Bernfeld essentially argued, in alignment with Ehrenberg’s ideas (though I am not familiar with Ehrenberg’s work), that the notion of irreversible structuration of vital fluidity could be transposed to the psychological level, enabling discussion of an irreversible structuration of psychic fluidity.
What I term “psychic fluidity” corresponds to free energy as opposed to bound energy—structured energy. Here, I employ the term “structure” in the sense of genetic biology and psychophysics, without prejudice to other interpretations of the idea of structure, including linguistic interpretations. Nevertheless, one of the intriguing aspects of Bernfeld’s thought experiment is its ability to provoke a confrontation between these two interpretations of the concept of structure.
On to the third article, which provides the overarching orientation.
The question posed concerns the relationship between entropy in the energetic sense and the death drive. Essentially, it is a matter of determining to what extent Freud’s concept of the death drive can be reduced to energetics and how this drive should be interpreted. Once again, throughout his research, Bernfeld adopts an exclusively energetic perspective, explicitly excluding the historical aspects of the notions.
However, his core proposition is that there is nothing in the concept of Todestrieb (death drive) that cannot be reduced to energetic phenomena, provided the notion of structure is incorporated into the framework of energetics. In other words, insofar as the concept of structure allows for the characterization of the opposition between free energy and bound energy, death can be understood as structuration. Consequently, the notion of death can be entirely integrated into energetics. As I mentioned earlier, to avoid any misunderstanding in terminology, Bernfeld suggests abandoning the term “death drive” in favor of “Nirvana principle.”
Does this mean that there will be no historical components of the phenomenon capable of giving meaning to the notion of death? Not entirely. Bernfeld does not go so far as to claim, of course, that we do not die. Instead, he argues that we die historically to the extent that we do not die energetically; in other words, we die because structure accumulates.
Essentially, ossified elements replace fluid ones, leading to death from the outside—in historical terms—as death is experienced as an event.
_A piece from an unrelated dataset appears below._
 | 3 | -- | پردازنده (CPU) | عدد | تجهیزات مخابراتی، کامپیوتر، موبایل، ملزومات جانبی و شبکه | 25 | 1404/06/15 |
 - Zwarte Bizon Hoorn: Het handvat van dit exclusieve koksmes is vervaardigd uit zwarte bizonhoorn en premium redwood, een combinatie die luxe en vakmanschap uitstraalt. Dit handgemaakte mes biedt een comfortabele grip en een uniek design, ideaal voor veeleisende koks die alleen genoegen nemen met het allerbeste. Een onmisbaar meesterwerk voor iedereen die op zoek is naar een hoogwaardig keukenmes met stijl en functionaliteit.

Internally, however, death is no longer death per se but structuration: entropy interpreted in terms of structuration. It no longer requires the label of “death” and can instead be understood as submission to the Nirvana principle.
In this conceptual framework, what was previously called internal death—interpreted as the Nirvana principle—falls under a purely thermodynamic explanation involving the concepts of structuration and the ossification of vital fluidity. This framework accounts for a system that dies internally, while externally, there is a historical aspect: death as an event.
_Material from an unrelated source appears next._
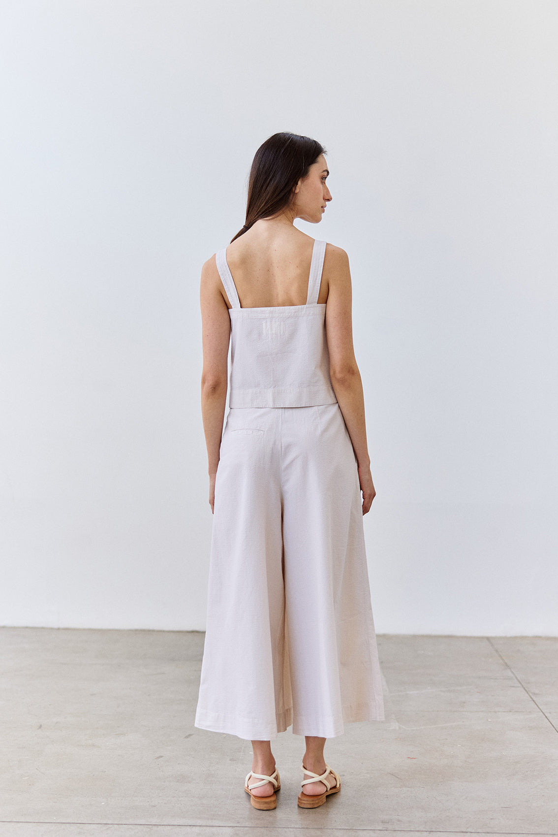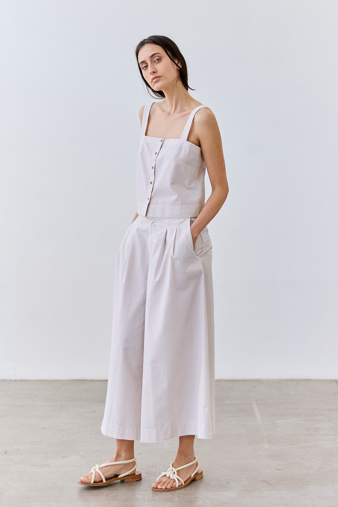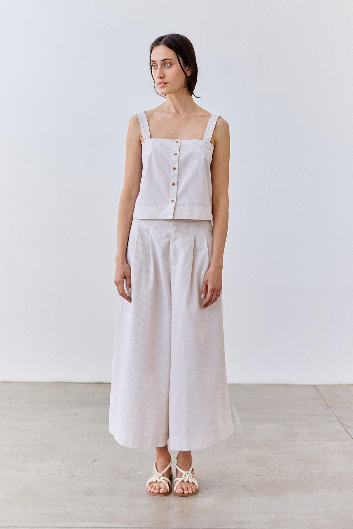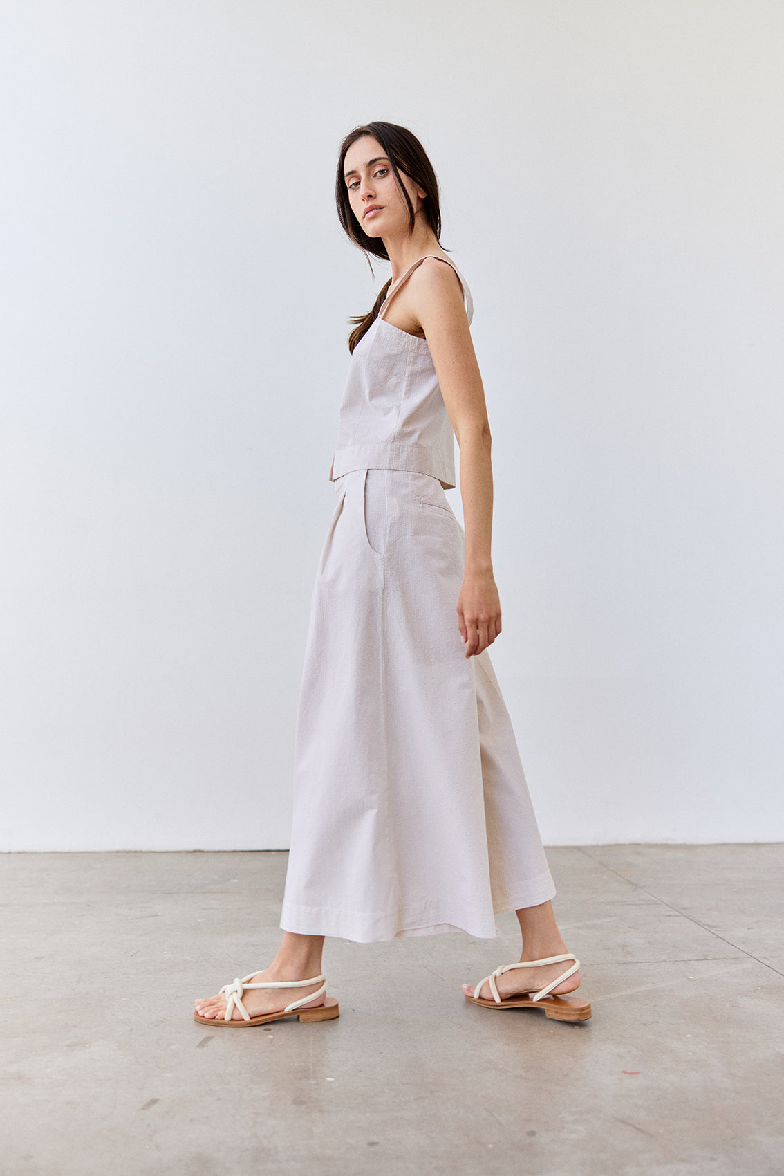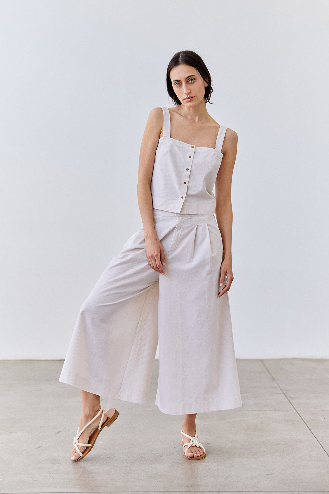 Wide-leg lightweight summer trousers made in 100% cotton with a soft seersucker effect. This high-waisted poplin pant features front pleats, functional side pockets, a wide comfortable waistband, and a single back pocket. A relaxed silhouette designed for every day.

None of this, Bernfeld strongly asserts, pertains to the notion of drive. He insists that anything lacking historicity cannot be associated with the concept of drive. Where there is drive, there is historicity. Internal death, the irreversible binding of vital processes into inert structures, lacks historicity and thus cannot be considered a death drive. In this context, Bernfeld briefly discusses the concept of suicide.
It cannot be said that humans tend toward death as an event. Consequently, the idea of death as Freud understands it will generally be excluded from the domain of drives. Death, having been relegated to energetics and stripped of its association with drives and historicity, will thus be contrasted with authentic drives—those, as Bernfeld puts it, that deserve the dignity of being called drives—namely, the sexual drive and the destructive drive.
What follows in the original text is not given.